Grease Symbols, Allegory and Motifs

Grease

The title theme song kind of gives away the symbolic meaning of grease: “This is the life of illusion.” This musical comedy is all about not just illusion, but the preference for recognized falsity of illusion over the truth of reality. Grease refers specifically to the fifties “type” that is at the center of the story: “greasers.” Greasers get their name from the stuff they put into their hair to give it unnatural shape; greased hair is an illusion of reality and the even though it is obvious, the girls and guys both prefer it.

Summer

Danny and Sandy meet and fall in love during the summer. Away from peer pressure, Danny was able to reveal his true self and was attractive to Sandy because, according to the song, he was cute and sweet (or, as Rizzo observes, “a drag”). When they meet again in the fall, Sandy sees Danny’s peer-pressure-induced greaser façade for the first time, prompting her to ask what happened to that guy she met on the beach. By the end, however, she has adopted the façade as well, wearing leather and smoking. Summer thus becomes a symbol for truth and reality.

Sandra Dee

Sandra Dee was an actress who attained the peak of movie stardom in a series of films in which she played a virginal, innocent young woman engaging in the most tepidly sexual of romances. As such, she is often used for the purpose of allusion to symbolize the conservatism and innocence of the 1950’s, but what makes her such an appropriate symbol in Grease is the irony and the application. For one thing, Dee’s superstar years were not the 1950’s, but the 1960’s. The innocence of her character when involved in romantic entanglements represents not reality of 1950’s life for young men and women and high school teens, but Hollywood’s false replication and it is that vision of the decade—the Hollywood version and not the real life one—that Grease itself recreates.

Pregnancy

When informing Marty that she might be pregnant, Rizzo shows off a nifty mastery figurative language by engaging symbolism to describe a metaphor for being pregnant.
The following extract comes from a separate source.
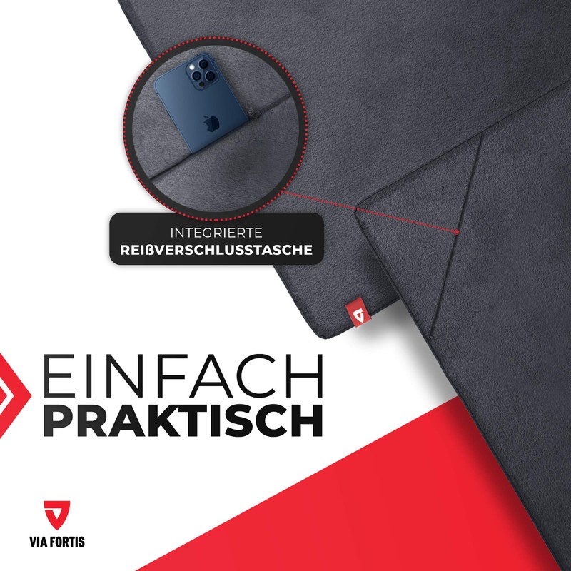VIA FORTIS Microfibre Hand Towel, Ultra Light and Quick-Drying, with Zip Compartment, Microfibre Towels, Ideal as Sports Towel, Beach Towel and Travel Towel, Grey
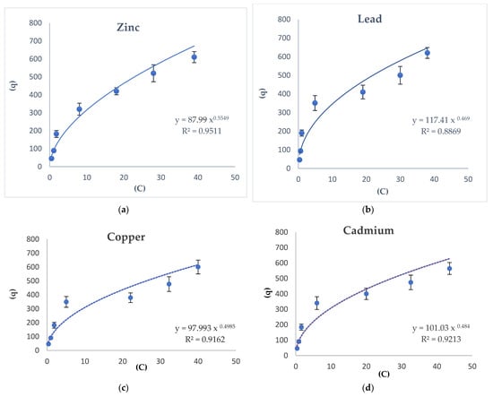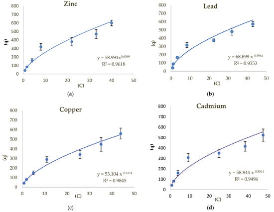 The Freundlich isotherm adsorption of Zn, Pb, Cu, and Cd (a–d) in the acidic soil sample.

Rizzo: I feel like a defective typewriter.

Marty: Huh?

Rizzo: I skipped a period.

The Fun House

The musical number in which Danny and Sandy finally reconcile takes place in a carnival funhouse. The kind of attraction in which everything is a little shaky, off-balance or distorted. There’s a giant revolving tunnel. A floor that bounces up an down. The “Shake Shack” that tilts back and forth. There is also a sign on the tunnel reading “Danger Ahead” and at one point two are framed from the shoulders up against a backdrop consisting of windows that look like prison bars. The symbolism of the future of this rocky relationship speaks for itself and quite loudly at that.